[Dataset entries]

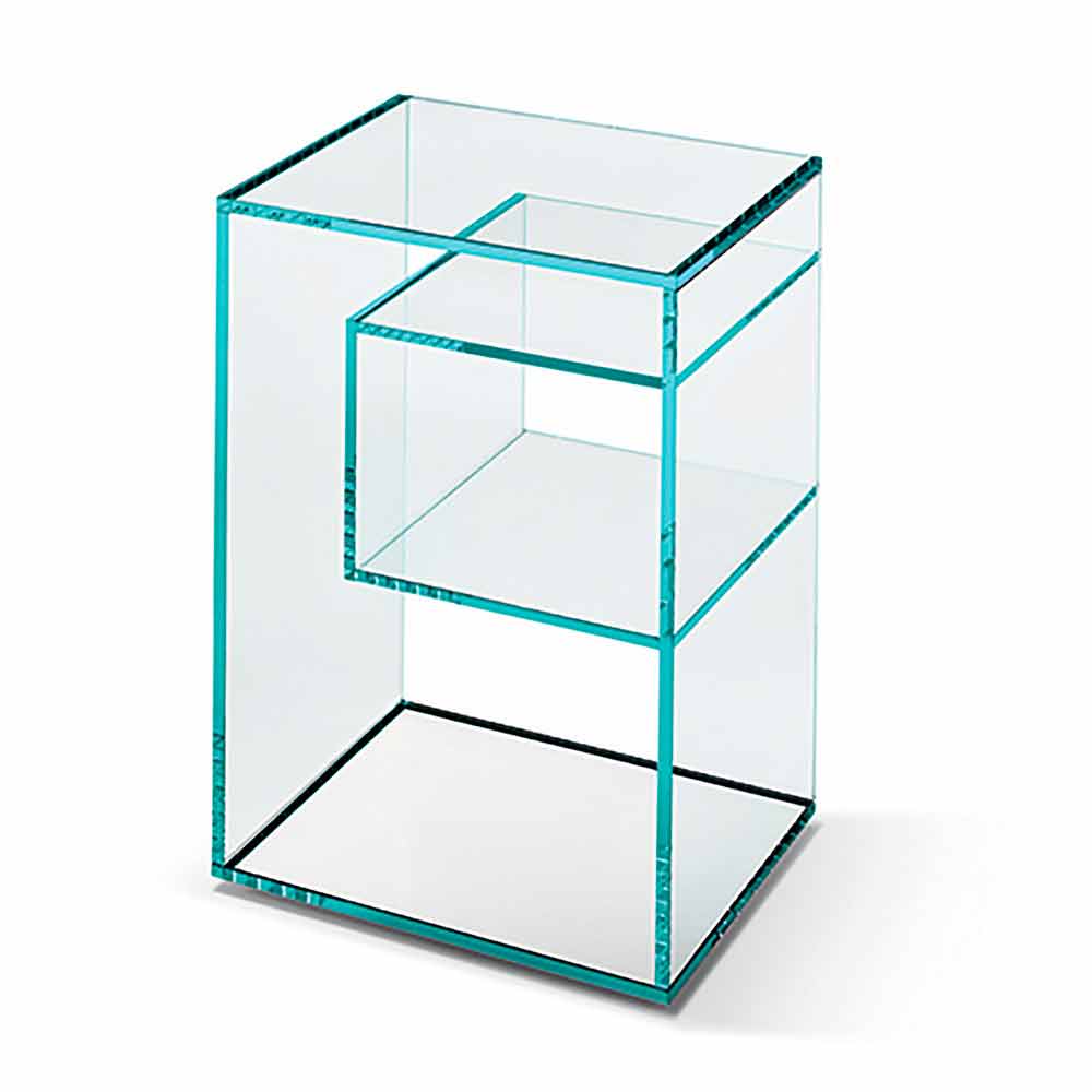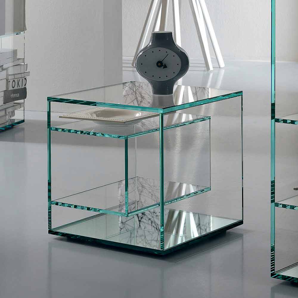 Dieser Nachttisch zeichnet sich durch sein elegantes und minimalistisches Design aus, das vollständig aus extra klarem Glas besteht.
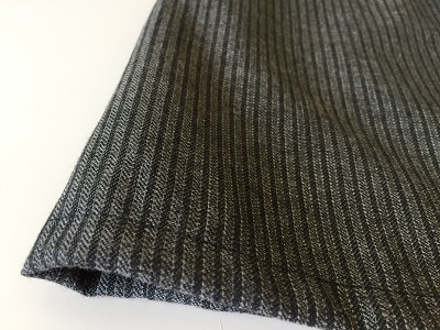 濃いグレーカラー、生地の織り目がストライプに入った立体的な素材です。
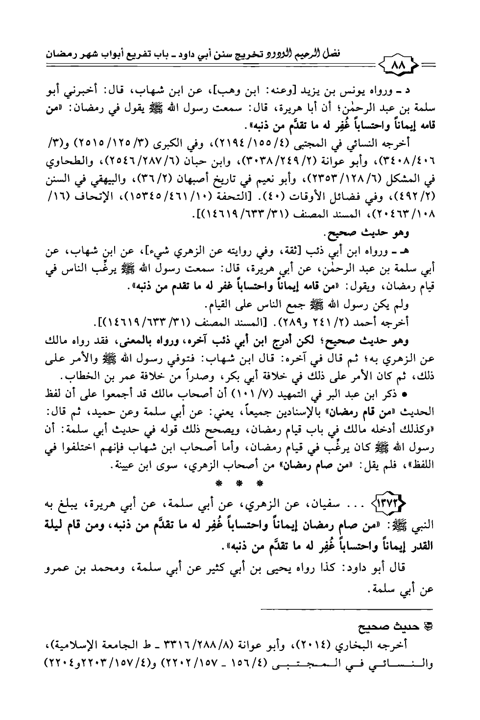 هـ- ورواه ابن أبي ذئب [ثقة، وفي روايته عن الزهري شيء]، عن ابن شهاب، عن أبي سلمة بن عبد الرحمن، عن أبي هريرة، قال: سمعت رسول الله -صلى الله عليه وسلم- يرغِّب الناس في قيام رمضان، ويقول: "من قامه إيمانًا واحتسابًا غفر له ما تقدم من ذنبه".
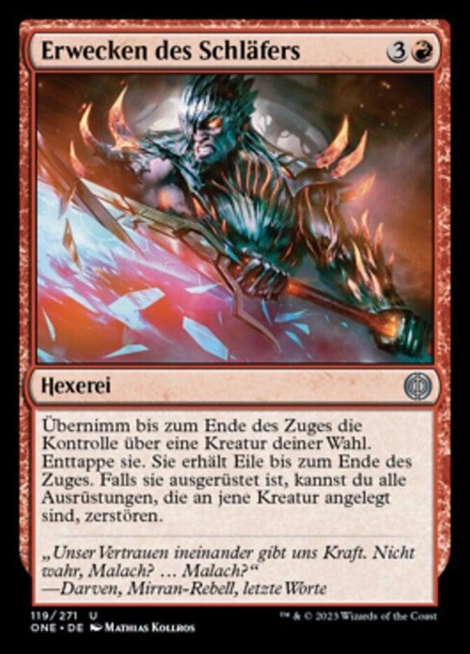 | Rules | Gain control of target creature until end of turn. Untap that creature. It gains haste until end of turn. If it's equipped, you may destroy all Equipment attached to that creature. |
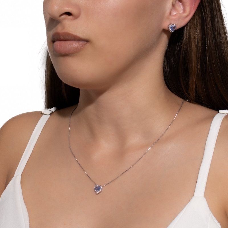 Conjunto Veneziana com Coração Cravejado em Platina, delicadeza e brilho em uma joia romântica e sofisticada.Brincos e piercing fake: 5 milésimos de Ouro 18k.
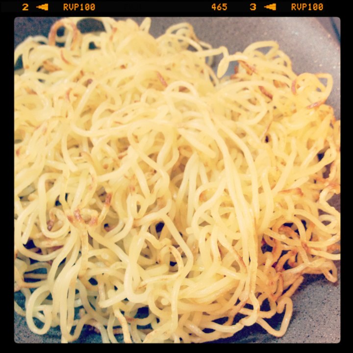 麺はテフロンフライパンに大さじ1の油を引き、
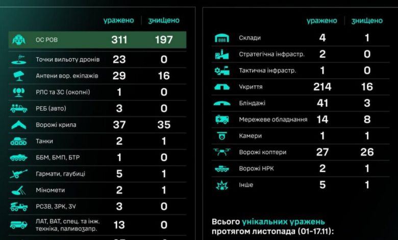 Упродовж листопада (01–17.11) знищено/уражено 14240 цілей, з них 4941 — особовий склад противника.

■ **What the task requires**: Repeat the records word for word. Any picture in them should be left out.

■ **Exercise output**:
 Dieser Nachttisch zeichnet sich durch sein elegantes und minimalistisches Design aus, das vollständig aus extra klarem Glas besteht.
 濃いグレーカラー、生地の織り目がストライプに入った立体的な素材です。
 هـ- ورواه ابن أبي ذئب [ثقة، وفي روايته عن الزهري شيء]، عن ابن شهاب، عن أبي سلمة بن عبد الرحمن، عن أبي هريرة، قال: سمعت رسول الله -صلى الله عليه وسلم- يرغِّب الناس في قيام رمضان، ويقول: "من قامه إيمانًا واحتسابًا غفر له ما تقدم من ذنبه".
 | Rules | Gain control of target creature until end of turn. Untap that creature. It gains haste until end of turn. If it's equipped, you may destroy all Equipment attached to that creature. |
 Conjunto Veneziana com Coração Cravejado em Platina, delicadeza e brilho em uma joia romântica e sofisticada.Brincos e piercing fake: 5 milésimos de Ouro 18k.
 麺はテフロンフライパンに大さじ1の油を引き、
 Упродовж листопада (01–17.11) знищено/уражено 14240 цілей, з них 4941 — особовий склад противника.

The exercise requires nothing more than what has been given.